--- MATERIAL PROVIDED ---
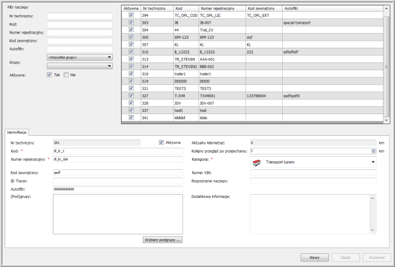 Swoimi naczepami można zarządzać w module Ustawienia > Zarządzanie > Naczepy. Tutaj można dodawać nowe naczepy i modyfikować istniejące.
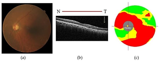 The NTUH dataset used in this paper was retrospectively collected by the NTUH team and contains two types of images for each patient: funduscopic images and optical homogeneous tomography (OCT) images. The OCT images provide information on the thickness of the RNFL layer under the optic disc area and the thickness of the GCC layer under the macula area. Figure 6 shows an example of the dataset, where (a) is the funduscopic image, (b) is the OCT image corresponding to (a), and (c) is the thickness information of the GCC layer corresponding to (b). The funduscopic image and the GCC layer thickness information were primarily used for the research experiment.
---
--- MATERIAL PROVIDED ---
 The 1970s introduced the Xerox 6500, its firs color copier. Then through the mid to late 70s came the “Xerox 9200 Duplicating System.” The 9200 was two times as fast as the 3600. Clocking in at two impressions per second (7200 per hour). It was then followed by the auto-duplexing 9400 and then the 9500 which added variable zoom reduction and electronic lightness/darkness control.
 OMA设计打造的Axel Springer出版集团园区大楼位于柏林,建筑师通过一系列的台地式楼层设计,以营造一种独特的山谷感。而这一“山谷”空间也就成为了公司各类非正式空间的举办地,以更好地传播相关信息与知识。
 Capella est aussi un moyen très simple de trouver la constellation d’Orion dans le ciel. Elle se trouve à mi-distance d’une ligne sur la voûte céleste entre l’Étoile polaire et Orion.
---
TASK TO COMPLETE:
Start with the line with "Swoimi naczepami można" in the listing above and stop after the line with "The NTUH dataset". Write out exactly the lines in that stretch and no others, without pictures.

ANSWER SPACE:
 Swoimi naczepami można zarządzać w module Ustawienia > Zarządzanie > Naczepy. Tutaj można dodawać nowe naczepy i modyfikować istniejące.
 The NTUH dataset used in this paper was retrospectively collected by the NTUH team and contains two types of images for each patient: funduscopic images and optical homogeneous tomography (OCT) images. The OCT images provide information on the thickness of the RNFL layer under the optic disc area and the thickness of the GCC layer under the macula area. Figure 6 shows an example of the dataset, where (a) is the funduscopic image, (b) is the OCT image corresponding to (a), and (c) is the thickness information of the GCC layer corresponding to (b). The funduscopic image and the GCC layer thickness information were primarily used for the research experiment.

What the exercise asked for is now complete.